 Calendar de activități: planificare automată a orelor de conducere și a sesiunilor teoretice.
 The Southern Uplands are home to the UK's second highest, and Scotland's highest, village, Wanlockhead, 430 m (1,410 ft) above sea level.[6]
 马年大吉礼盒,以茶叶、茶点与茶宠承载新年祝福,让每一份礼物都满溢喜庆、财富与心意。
———
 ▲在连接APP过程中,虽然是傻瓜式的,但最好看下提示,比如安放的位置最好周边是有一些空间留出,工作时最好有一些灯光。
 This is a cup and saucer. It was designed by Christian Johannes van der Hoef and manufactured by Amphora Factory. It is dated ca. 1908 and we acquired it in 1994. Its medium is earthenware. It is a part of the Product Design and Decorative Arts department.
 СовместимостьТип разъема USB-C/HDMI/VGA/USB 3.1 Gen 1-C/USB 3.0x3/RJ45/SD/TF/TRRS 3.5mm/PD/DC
———
▶ **REQUIRED ACTION**:
Of the lines above, output exactly those from the line bearing "This is a cup" through the line bearing "СовместимостьТип разъема USB-C/HDMI/VGA/USB", inclusive.

▶ **RESPONSE BELOW**:
 This is a cup and saucer. It was designed by Christian Johannes van der Hoef and manufactured by Amphora Factory. It is dated ca. 1908 and we acquired it in 1994. Its medium is earthenware. It is a part of the Product Design and Decorative Arts department.
 СовместимостьТип разъема USB-C/HDMI/VGA/USB 3.1 Gen 1-C/USB 3.0x3/RJ45/SD/TF/TRRS 3.5mm/PD/DC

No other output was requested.